There will be no new “vision” but rather a further commitment to complete Reality 2016 with help from the Associate Education Coalition and the Graduate Resources Alliance, which will develop potential specialty tracks and lead the profession to graduate-level education. In addition, the Council for Excellence in Education, which is the leading force in education strategy for the profession, will be tasked with guiding the academic community through improvements to education, coursework, and the curricula of associate, baccalaureate, and graduate programs in HIM.
FTR: Reality 2016 mentions the need for PhD-level professors for master’s and doctoral programs. What measures will AHIMA offer to help HIM professionals?
Frawley: Of the four tenets listed above, the development of faculty is the most difficult. We need to figure out how to help people climb up the ladder. We can help them with more advanced teaching skills, publications opportunities, and skills like grant writing that can lead to the financial ability to pursue more advanced education.
FTR: You mentioned the number of HIM students who are older and making a midlife career transition. Where do these students come from and how are they faring?
Frawley: The majority of the students entering our programs are making career transitions, that is, they are primarily those who have already worked in a previous career. We are seeing many students downsized from the financial sector because we are near Wall Street and also those peripheral to that industry in the IT sector. Another third are students already working in healthcare and the last third, and perhaps the most challenging, are those who speak English as a second language.

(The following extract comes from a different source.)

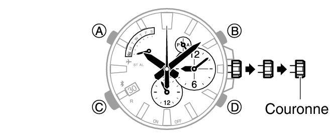 Tirez sur la couronne jusqu’à ce que vous entendiez le deuxième clic. -
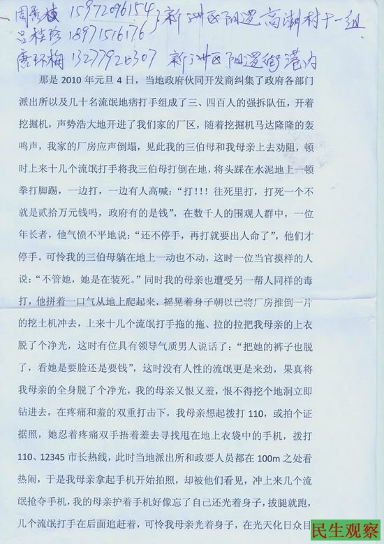 2010年1月4日,三、四百人的强拆队伍突然来到二家的厂区强行拆房。吕桂珍上前阻止时,十几个打手当即将她打倒在地一不动。同时,周秀芝也遭人毒打,她拼着一口气奔向推她家厂房的挖掘机时,十几个流氓上来阻止扯掉了她的上衣,这时一领导模样的人说“把她裤子也脱了,看她是要脸还是要钱”。这时上来几个流氓竟真将周秀芝脱了个精光。

It is a challenge to hit the mark with all of these students since they are at many different levels in terms of skills. However, one of the great things about the students is that they are collaborative and help one another to succeed. The less seasoned students get help from the others with job interview skills and assistance with overcoming anxiety about taking exams.

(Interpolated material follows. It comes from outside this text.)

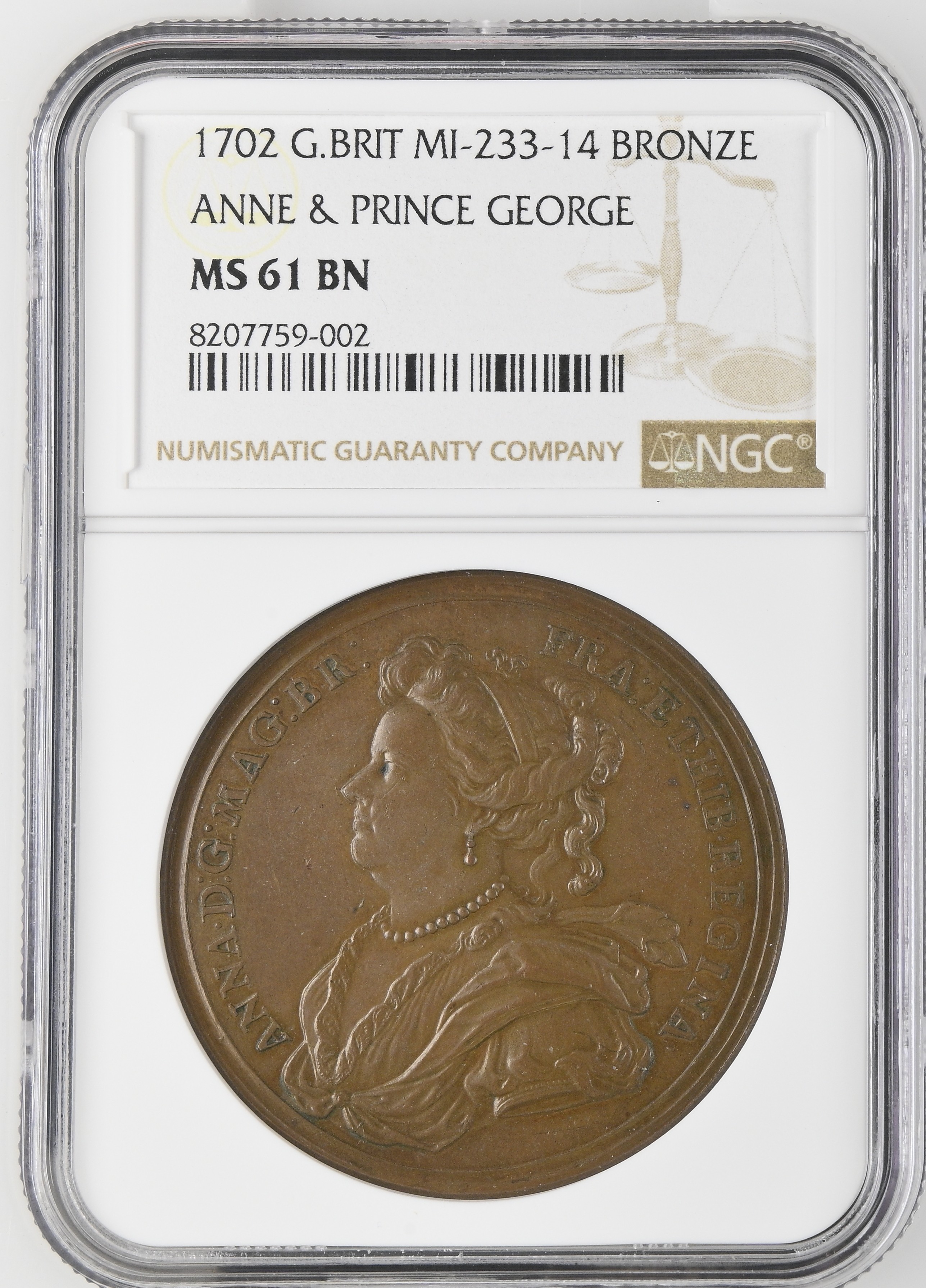 - 1702 G.BRIT MI-233-14 ANNE & PRINCE GEORGE BRONZE

FTR: The program director of my HIT program (at Central New Mexico Community College) faces the challenge of finding “practicum sites” for students. Do you have any tips regarding this problem? How can AHIMA encourage healthcare entities to engage students?
Frawley: This is really tough to do and is one of my primary challenges. We graduate students three times a year, and I am constantly in the process of begging people to take students for practicum experiences. New Jersey is a small state, and you need to have high-quality students to get sites to repeatedly welcome new students. We try to match the students to the environments in which they will most likely succeed. I remind HIM professionals in the field that somebody started them on their path.
FTR: I recently was exposed to AHIMA’s Career Map and was quite impressed. How will you deploy this tool so that it reaches the corners of the HIM profession, particularly those on the front lines in education?
Frawley: The map has been shared already with educators, members, and students. In addition, it will be deployed at annual meetings as well as other significant AHIMA meetings. It also will be featured at the Assembly on Education, the Leadership Symposium, and job fairs.
Another effort is the work we are doing with the Bureau of Labor Statistics to get the Health Occupations Handbook revised. This will help our members explore additional career opportunities.
— Sandra Nunn, MA, RHIA, CHP, is a contributing editor at For The Record and principal of KAMC Consulting in Albuquerque, New Mexico.